Our significant interim accounting policies include the recognition of a pro rata share of certain estimated annual sales incentives, and certain advertising and marketing costs, generally in proportion to revenue, and the recognition of income taxes using an estimated annual effective tax rate. Raw materials, direct labor and plant overhead, as well as purchasing and receiving costs, costs directly related to production planning, inspection costs and raw material handling facilities, are included in cost of sales. The costs of moving, storing and delivering finished product are included in selling, general and administrative expenses.
Bottling equity income includes our share of the net income or loss of our noncontrolled bottling affiliates and any changes in our ownership interests of these affiliates. Bottling equity income includes pre-tax gains of $50 million on our sale of PBG stock in both the first quarter of 2007 and 2006.

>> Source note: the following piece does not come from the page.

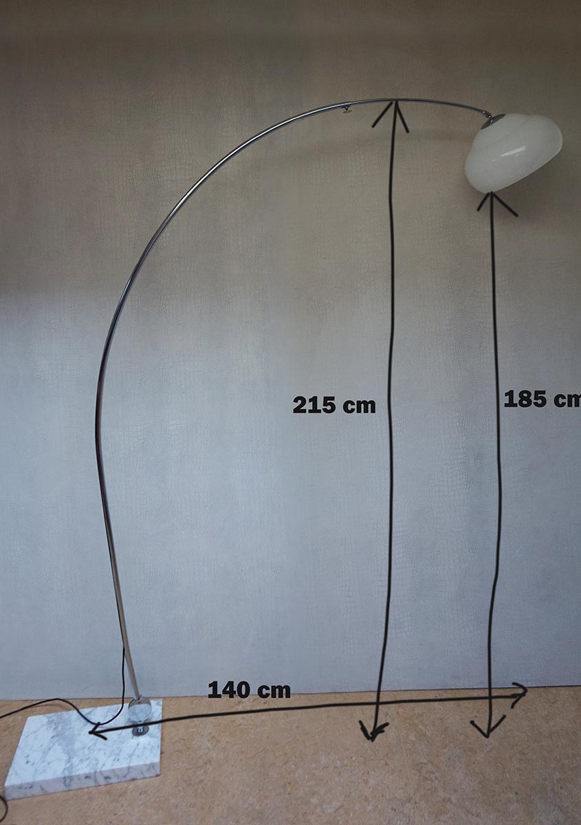 Retro vintage design booglamp/ arclamp met marmeren voet uit de jaren 70-80 van het Italiaanse merk Stilux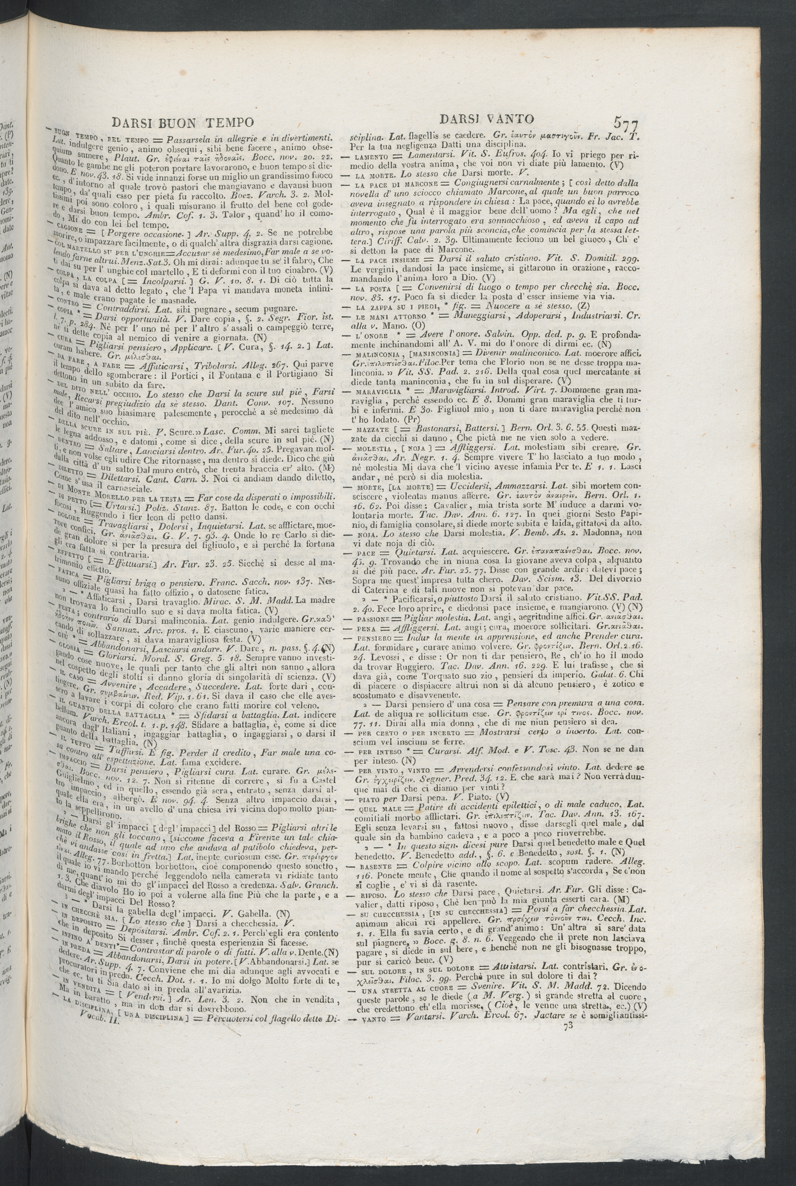 ti t|[I Caso ^ l'c ( stolti si danno gloria di singolarità di scienza. (V)s >To e " Or. „ n 'enire , Accadere , Succedere. Lai. forte duri , con-' it a bv;, r( . IC-cv-n;,.. p iei f yip, 1 . (i 1 . Si dava il caso che elle aves-hiliJ’hAiiTo DEi C ° r b' bi coloro che erano fatti morire col veleno.""tur 1 Ùnteli zr BATTAGL1A * = Sfidarsi a battaglia. Lai. indicere8'iam 3 'bigi' li'ip '". 6 ^' t- t.p.s48. Sfidare a battaglia, è, come si dice'■ U , d ell u j ‘7 la »* , ingaggiar battaglia, o ingaggiarsi , 0 darsi ilsa c Tl,p Fo a- ,! a f* la . (N)

In the first quarter of 2007, the reporting calendars of certain operating units within PepsiCo Internationals (PI) reporting segment were changed such that most PI operations will now report on a monthly calendar basis instead of a period reporting basis. Monthly reporting is preferable for our international businesses to facilitate local statutory reporting, which is generally based on monthly calendars. The change in reporting will substantially reduce the number of financial closings and reconciliations executed by the international operations, improving overall efficiency. As a result of this change, first quarter PepsiCo results primarily reflect international monthly results for the months of January and February. Prior period amounts have been adjusted to reflect this change.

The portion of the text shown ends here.